Let’s take a look at Telus Corporation (TSX:T)(NYSE:TU) and Royal Bank of Canada (TSX:RY)(NYSE:RY) to see if one is more attractive today.
Telus
Telus reported solid Q4 2017 results with a 4.9% increase in consolidated operating revenue compared to the same period in 2016.
Customer growth continued at a steady pace, with 156,000 postpaid wireless, internet, and TV customer additions in the quarter, representing a 23% year-over-year increase.
Telus works hard to keep its customers happy, and the efforts are paying off in low levels of lost customers. The company reported an industry-leading wireless postpaid churn rate of less than 1%.
Looking ahead, Telus sees 2018 revenue and EBITDA growth of up to 6% and 7%, respectively, and is targeting free cash flow of up to $1.4 billion.
The company has a strong history of raising the dividend and expects to boost the payout by at least 7% in 2018. At the time of writing, the stock provides a yield of 4.3%.
Royal Bank
Royal Bank generated fiscal 2017 profit of nearly $11.5 billion.
The company has a balanced revenue stream, with strong operations in personal and commercial banking, capital markets, wealth management, and insurance.
In late 2015, Royal Bank made a big move into the United States with its US$5 billion purchase of City National, a California-based commercial and private bank. The deal provided Royal Bank with a solid platform to expand its presence in the segment.
Rising interest rates have some investors wondering if trouble could be on the way for the Canadian housing market. It’s true that a steep jump in mortgage costs could trigger a wave of home sales, but most analysts expect a gradual pullback in house prices.

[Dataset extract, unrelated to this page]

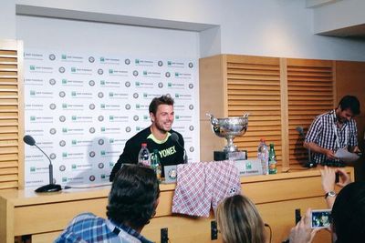 Новият шампион на "Ролан Гарос" Стан Вавринка демонстрира чувство за хумор на пресконференцията след триумфа си във финала на турнира срещу Новак Джокович. Швейцарецът свали предизвикалите множество полемики гащета на розови шарки и ги постави на масата пред себе си редом до купата.

Royal Bank has a large mortgage portfolio, but the loan-to-value ratio on the uninsured loans is low enough that Royal Bank can handle a rough patch in the housing sector.
Overall, rising rates tend to be positive for the banks.
Royal Bank has a strong track record of sharing profits with investors and raises the payout on a regular basis. The current dividend provides a yield of 3.7%.
Is one more attractive for an RRSP?
Both companies are market leaders and should continue to be solid buy-and-hold picks for an RRSP portfolio. At this point, I would probably split a new investment between the two stocks.